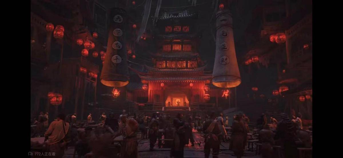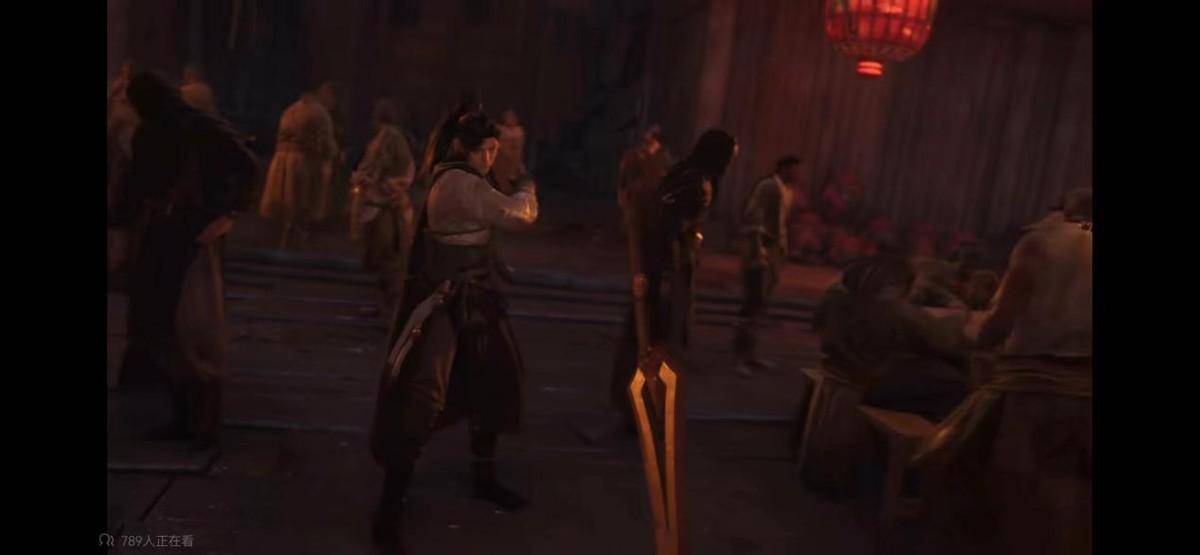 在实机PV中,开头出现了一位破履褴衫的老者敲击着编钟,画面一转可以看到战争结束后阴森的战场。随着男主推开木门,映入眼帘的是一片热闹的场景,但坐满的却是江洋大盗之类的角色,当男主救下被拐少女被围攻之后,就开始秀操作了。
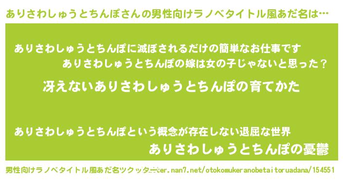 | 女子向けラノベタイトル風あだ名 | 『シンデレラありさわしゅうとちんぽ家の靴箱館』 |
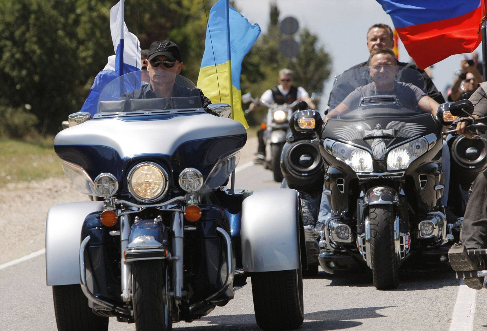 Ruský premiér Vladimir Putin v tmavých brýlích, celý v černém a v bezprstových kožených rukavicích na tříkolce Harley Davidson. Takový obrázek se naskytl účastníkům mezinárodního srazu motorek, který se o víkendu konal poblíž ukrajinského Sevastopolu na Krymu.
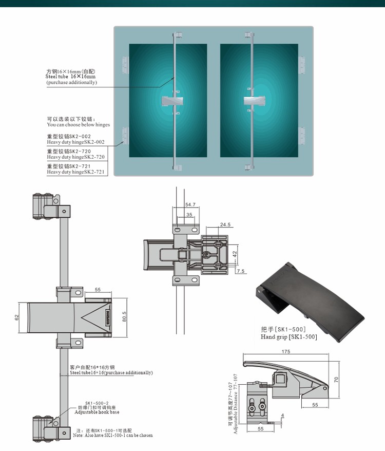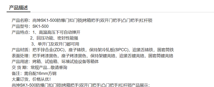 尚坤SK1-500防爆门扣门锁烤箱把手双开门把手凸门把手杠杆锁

WHAT TO WORK ON:
All of the data gets printed again exactly; the pictures do not.

OUTPUT FOR THIS EXERCISE:
 在实机PV中,开头出现了一位破履褴衫的老者敲击着编钟,画面一转可以看到战争结束后阴森的战场。随着男主推开木门,映入眼帘的是一片热闹的场景,但坐满的却是江洋大盗之类的角色,当男主救下被拐少女被围攻之后,就开始秀操作了。
 | 女子向けラノベタイトル風あだ名 | 『シンデレラありさわしゅうとちんぽ家の靴箱館』 |
 Ruský premiér Vladimir Putin v tmavých brýlích, celý v černém a v bezprstových kožených rukavicích na tříkolce Harley Davidson. Takový obrázek se naskytl účastníkům mezinárodního srazu motorek, který se o víkendu konal poblíž ukrajinského Sevastopolu na Krymu.
 尚坤SK1-500防爆门扣门锁烤箱把手双开门把手凸门把手杠杆锁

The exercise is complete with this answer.